Relationship Help: Is Your Lifestyle Making You Less Compassionate?

The smallest act of kindness is worth more than the grandest intention. ~ Oscar Wilde

We’d like to think we’re in the driver’s seat of our life—that we have the capacity to rise above negative circumstances or life’s stresses when needed, and to act in ways that are consistent with our highest values and aspirations. And we do possess this ability—at times.

Research by social psychologists has shown that external situations (the circumstances of our lives) has a profound impact on the decisions we make and on our behavior. And these circumstances have the power to override how we would like to act (or how we think we’d react).

We may even find ourselves acting in ways that contradict our most cherished values and commitments.

When Kind-Compassionate People Act Like They Don’t Care

“I thought our lives would be a lot easier because of the extra money, but ever since Sophia accepted her promotion at her law firm, it feels like we’ve faced an onslaught of relationship problems. The pressure is getting to her and hurting our marriage. She’s snippy and almost feels uncaring to me at times—this is so not like her. I know deep down she cares, but I’m afraid…lately I don’t recognize her and our marriage is suffering.”

~Javier, describing the impact of his wife’s job promotion on her behavior and their marriage

Javier isn’t alone. Many couples feel and act differently (less relationship-friendly) when faced with external stresses and pressures. And sometimes our capacity for kindness and compassion fall victim to the impact of outside stresses and unwelcome life circumstances. 

Understanding The Power & Impact of Circumstance

The famous Good Samaritan seminary study (by Darley & Batson) shows how powerful one’s environment can be in shaping our behavior. In the study, seminary students were told that they had to go to another building to complete an important task. But unbeknownst to the students, while walking to the other building, they would each pass a man hunched over in an alley and in apparent distress (the seminary students didn’t know that distressed actor was part of the study).

It turned out that many of the seminary students stopped to check if the man was all right—not a surprising research finding since you’d expect that seminary students are altruistic, kind and compassionate individuals. But there was one more part to the study.

Now here’s the fascinating finding: Before leaving for the other building, half of students were told  they needed to rush to the other building in order to finish the project, that they were running late and should hurry—so  a sense of urgency was created in this group of students.

For this hurried/rushed group, only 10% of the seminary students stopped to see if the man in distress needed assistance.

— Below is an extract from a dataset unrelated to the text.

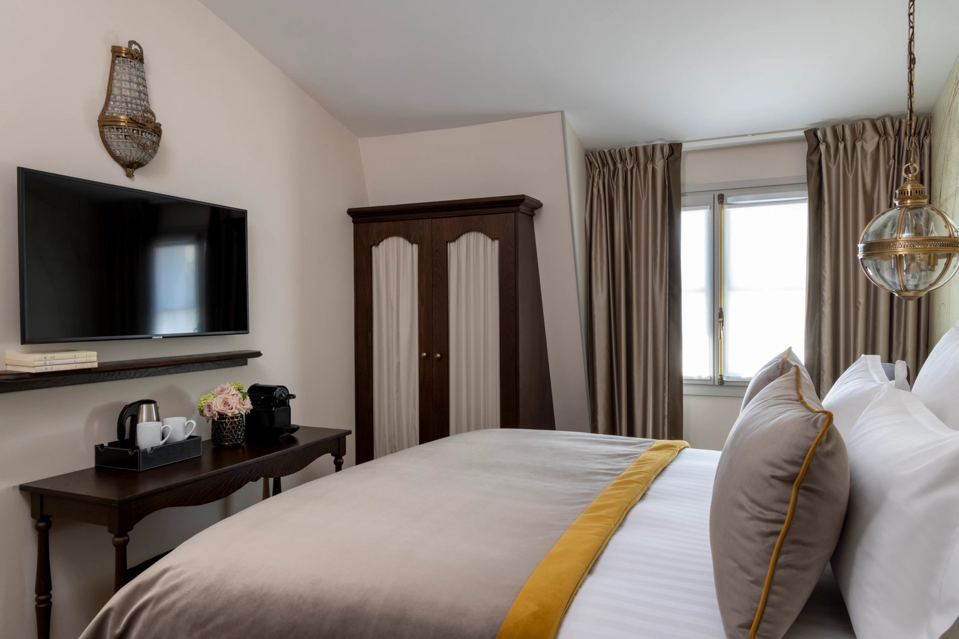 Plus spacieuse, la Chambre Supérieure allie élégance, confort moderne et atmosphère feutrée. Elle est parfaite pour une escapade en amoureux à Paris.
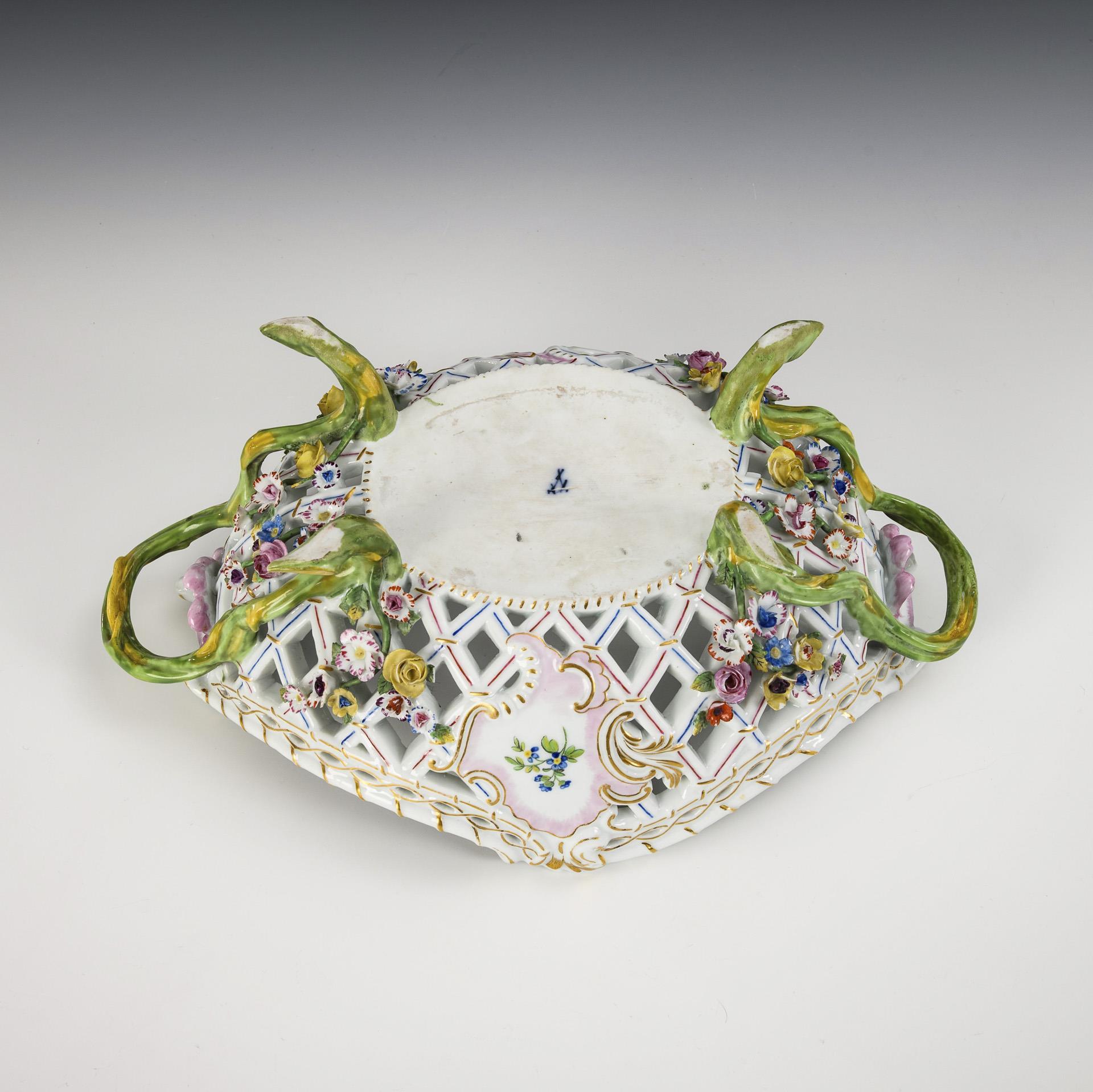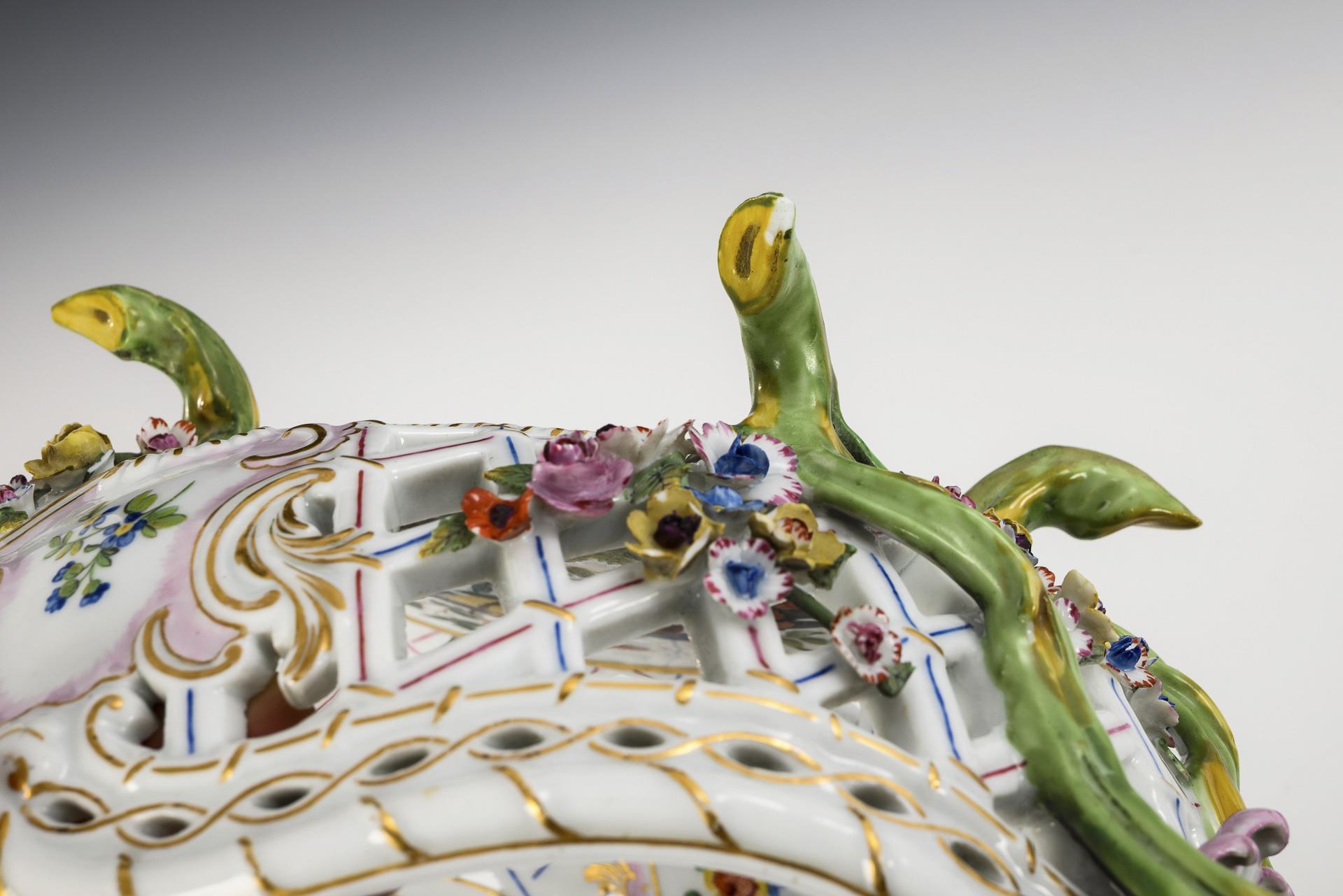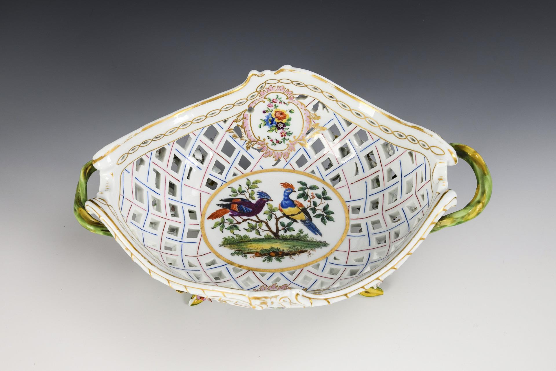 Vierpassiger Korb mit gitterdurchbrochener Wandung, zwei Asthandhaben mit insgesamt vier Astfüßen, reichem Blütenbelag sowie Blumen- und Vogelmalerei. Bestoßungen am Belag.

In this study, individuals who value love, compassion and kindness momentarily acted selfishly, unable to uphold their values because of competing priorities.

Is your lifestyle draining your compassion-reserves?

Aren’t today’s couples rushed, over-extended, and overwhelmed by a laundry list of competing  priorities? 

Like the hurried seminary students who momentarily abandoned their ideals and walked right past someone in need, are couples losing the ability to see what they need from each other? 

Are our lifestyles inadvertently draining our compassion-reserves, the reserves that feed our marriages and relationships, the reserves our loved ones count on?

If so, then we have to consider the possibility that our current lifestyles have the potential to suppress the best in each of us (as well as bring out the best in us)—that valuing the traits of compassion and loving-kindness (traits that feed a healthy marriage/relationship) may not be enough to truly honor the love we have for our spouses/partners.

In order to see the beauty of a landscape or natural wonder, you wouldn’t drive past at seventy miles an hour and yell to your partner, “Quick, look at that!”  Instead, you might slow down, circle around and  even pull over and get out in order to see, really see and savor the experience of the moment. In a similar vein, couples need to stop hurtling past one another and slow down—we need to create moments where we can reconnect with our own values (like compassion and loving-kindness) so that we can truly live these experiences with our loved ones.

How will you create moments (even small moments) that will allow you to honor your values as a spouse or partner? 

Wishing you and your partner abundant loving-kindness!